*** Begin section ***

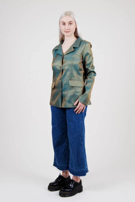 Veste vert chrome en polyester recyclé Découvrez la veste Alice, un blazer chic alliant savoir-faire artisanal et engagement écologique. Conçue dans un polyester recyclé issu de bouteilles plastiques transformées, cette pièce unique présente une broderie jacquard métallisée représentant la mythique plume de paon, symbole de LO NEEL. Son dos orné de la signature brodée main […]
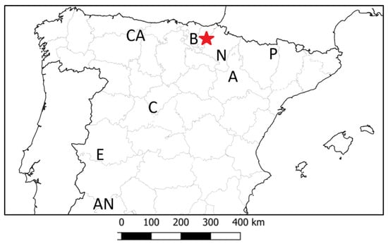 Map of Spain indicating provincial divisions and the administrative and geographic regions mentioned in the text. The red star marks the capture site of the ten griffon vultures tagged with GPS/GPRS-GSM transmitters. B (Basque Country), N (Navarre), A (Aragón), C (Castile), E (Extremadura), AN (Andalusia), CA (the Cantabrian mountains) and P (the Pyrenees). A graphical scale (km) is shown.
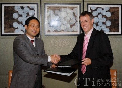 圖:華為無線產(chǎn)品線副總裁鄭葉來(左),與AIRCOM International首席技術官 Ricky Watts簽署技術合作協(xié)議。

*** End section ***
*** Begin section ***

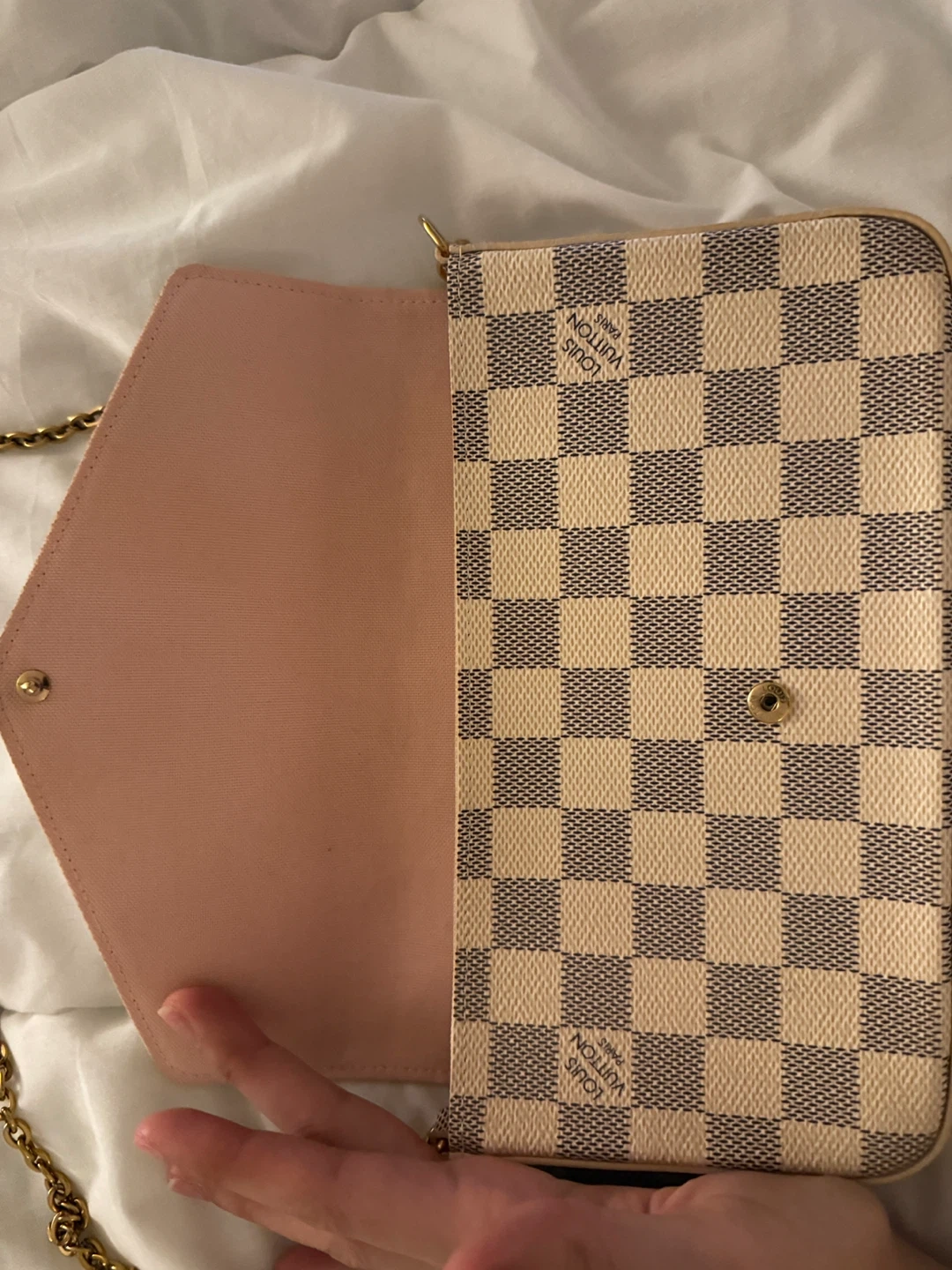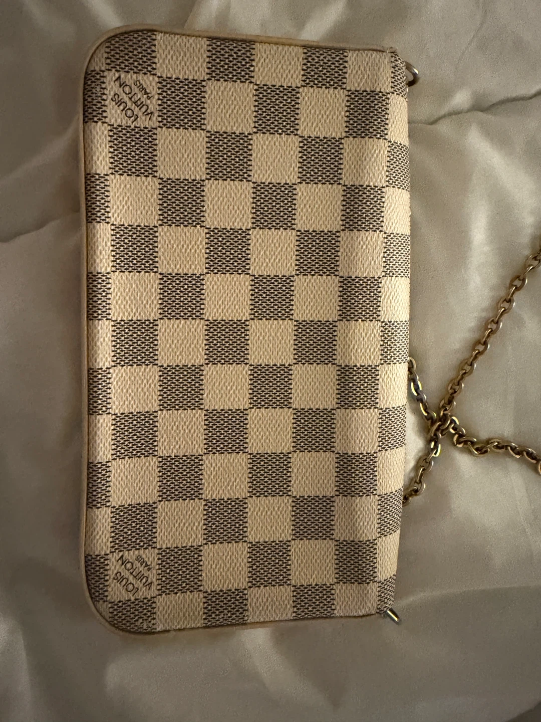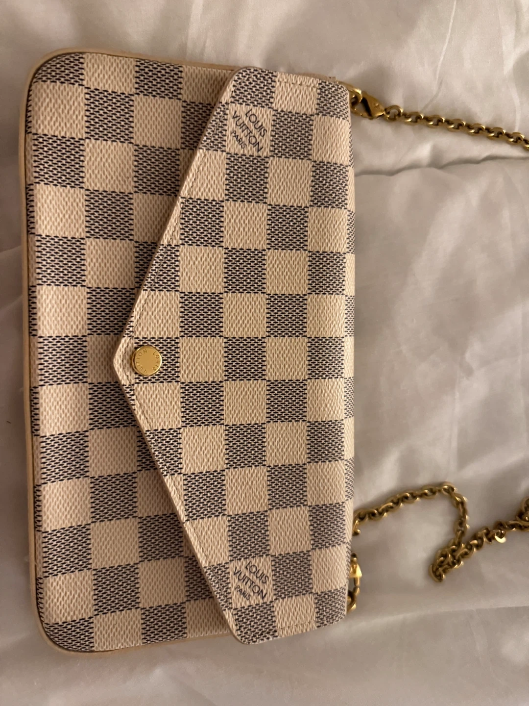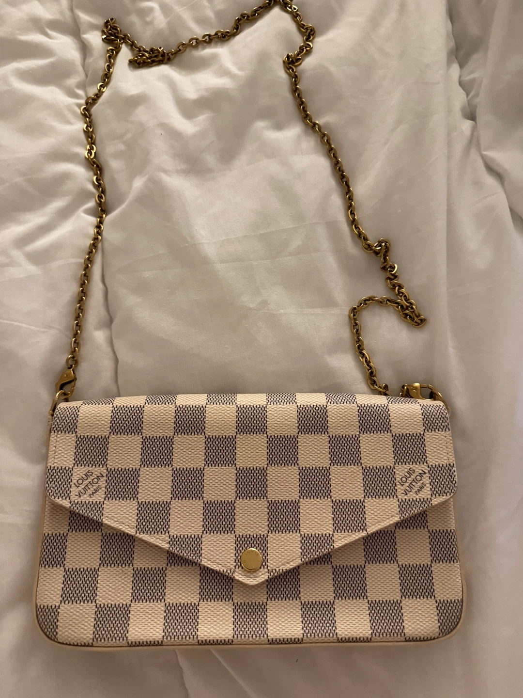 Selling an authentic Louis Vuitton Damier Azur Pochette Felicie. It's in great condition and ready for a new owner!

*** End section ***

-- What you have to do --
With the pictures left out, write out exactly the lines above from the one containing "Map of Spain" through the one containing "圖:華為無線產(chǎn)品線副總裁鄭葉來(左),與AIRCOM International首席技術官 Ricky".

-- Exercise result --
 Map of Spain indicating provincial divisions and the administrative and geographic regions mentioned in the text. The red star marks the capture site of the ten griffon vultures tagged with GPS/GPRS-GSM transmitters. B (Basque Country), N (Navarre), A (Aragón), C (Castile), E (Extremadura), AN (Andalusia), CA (the Cantabrian mountains) and P (the Pyrenees). A graphical scale (km) is shown.
 圖:華為無線產(chǎn)品線副總裁鄭葉來(左),與AIRCOM International首席技術官 Ricky Watts簽署技術合作協(xié)議。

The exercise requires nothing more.